» What this task involves:
Go to the line containing "下面,就給大家展示部分加中寰" in the records below and print it and every following line exactly, on through the line containing "제 5 계층의 세션 계층은", then stop.

» Records for processing:
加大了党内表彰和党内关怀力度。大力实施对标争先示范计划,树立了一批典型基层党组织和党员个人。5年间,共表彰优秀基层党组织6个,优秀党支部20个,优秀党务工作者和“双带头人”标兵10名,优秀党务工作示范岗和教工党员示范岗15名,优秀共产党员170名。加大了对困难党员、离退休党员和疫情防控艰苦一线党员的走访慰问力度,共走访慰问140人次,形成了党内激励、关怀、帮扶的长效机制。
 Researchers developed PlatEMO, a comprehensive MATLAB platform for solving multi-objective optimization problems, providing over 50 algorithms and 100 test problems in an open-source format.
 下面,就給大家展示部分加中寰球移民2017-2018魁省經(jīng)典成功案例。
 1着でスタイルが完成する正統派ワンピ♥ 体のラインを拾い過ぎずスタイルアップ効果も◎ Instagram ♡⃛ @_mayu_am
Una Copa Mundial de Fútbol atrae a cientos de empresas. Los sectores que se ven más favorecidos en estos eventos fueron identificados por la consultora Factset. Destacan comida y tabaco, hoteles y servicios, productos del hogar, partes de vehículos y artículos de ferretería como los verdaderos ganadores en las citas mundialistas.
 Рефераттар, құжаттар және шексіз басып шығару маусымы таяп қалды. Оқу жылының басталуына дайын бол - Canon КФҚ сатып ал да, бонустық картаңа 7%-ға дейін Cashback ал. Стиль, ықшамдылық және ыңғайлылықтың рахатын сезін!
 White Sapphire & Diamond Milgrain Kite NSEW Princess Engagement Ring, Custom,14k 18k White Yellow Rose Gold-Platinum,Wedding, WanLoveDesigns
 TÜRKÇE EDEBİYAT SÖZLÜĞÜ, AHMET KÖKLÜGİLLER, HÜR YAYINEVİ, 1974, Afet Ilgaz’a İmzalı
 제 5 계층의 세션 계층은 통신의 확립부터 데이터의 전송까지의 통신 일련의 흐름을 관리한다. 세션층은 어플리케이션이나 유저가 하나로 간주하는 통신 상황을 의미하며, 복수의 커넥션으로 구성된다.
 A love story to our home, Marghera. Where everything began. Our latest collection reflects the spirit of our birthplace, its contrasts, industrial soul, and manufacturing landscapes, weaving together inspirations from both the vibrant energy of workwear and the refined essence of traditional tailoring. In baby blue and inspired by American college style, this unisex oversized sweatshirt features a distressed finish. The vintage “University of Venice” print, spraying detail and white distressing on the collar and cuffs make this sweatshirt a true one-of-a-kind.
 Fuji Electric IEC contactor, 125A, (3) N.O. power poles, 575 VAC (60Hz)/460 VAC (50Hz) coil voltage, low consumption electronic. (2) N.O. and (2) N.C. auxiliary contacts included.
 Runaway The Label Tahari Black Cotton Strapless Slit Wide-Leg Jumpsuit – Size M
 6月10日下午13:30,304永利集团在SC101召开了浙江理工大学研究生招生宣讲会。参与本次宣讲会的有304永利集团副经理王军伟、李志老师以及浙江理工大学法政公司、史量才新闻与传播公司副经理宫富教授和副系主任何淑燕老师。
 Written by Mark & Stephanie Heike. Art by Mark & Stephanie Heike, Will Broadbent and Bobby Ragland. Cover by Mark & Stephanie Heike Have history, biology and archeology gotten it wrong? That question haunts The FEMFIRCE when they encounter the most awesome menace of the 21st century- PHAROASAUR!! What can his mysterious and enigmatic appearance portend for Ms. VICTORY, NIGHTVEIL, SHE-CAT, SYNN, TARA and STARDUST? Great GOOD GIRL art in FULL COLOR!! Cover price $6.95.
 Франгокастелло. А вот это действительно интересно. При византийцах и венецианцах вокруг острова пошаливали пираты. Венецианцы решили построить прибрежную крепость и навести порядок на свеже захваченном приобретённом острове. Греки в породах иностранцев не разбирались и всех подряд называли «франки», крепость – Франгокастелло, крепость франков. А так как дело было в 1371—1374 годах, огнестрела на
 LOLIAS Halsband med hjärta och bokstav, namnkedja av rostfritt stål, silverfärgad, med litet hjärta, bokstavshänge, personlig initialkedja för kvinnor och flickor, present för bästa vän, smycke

» Task response:
 下面,就給大家展示部分加中寰球移民2017-2018魁省經(jīng)典成功案例。
 1着でスタイルが完成する正統派ワンピ♥ 体のラインを拾い過ぎずスタイルアップ効果も◎ Instagram ♡⃛ @_mayu_am
Una Copa Mundial de Fútbol atrae a cientos de empresas. Los sectores que se ven más favorecidos en estos eventos fueron identificados por la consultora Factset. Destacan comida y tabaco, hoteles y servicios, productos del hogar, partes de vehículos y artículos de ferretería como los verdaderos ganadores en las citas mundialistas.
 Рефераттар, құжаттар және шексіз басып шығару маусымы таяп қалды. Оқу жылының басталуына дайын бол - Canon КФҚ сатып ал да, бонустық картаңа 7%-ға дейін Cashback ал. Стиль, ықшамдылық және ыңғайлылықтың рахатын сезін!
 White Sapphire & Diamond Milgrain Kite NSEW Princess Engagement Ring, Custom,14k 18k White Yellow Rose Gold-Platinum,Wedding, WanLoveDesigns
 TÜRKÇE EDEBİYAT SÖZLÜĞÜ, AHMET KÖKLÜGİLLER, HÜR YAYINEVİ, 1974, Afet Ilgaz’a İmzalı
 제 5 계층의 세션 계층은 통신의 확립부터 데이터의 전송까지의 통신 일련의 흐름을 관리한다. 세션층은 어플리케이션이나 유저가 하나로 간주하는 통신 상황을 의미하며, 복수의 커넥션으로 구성된다.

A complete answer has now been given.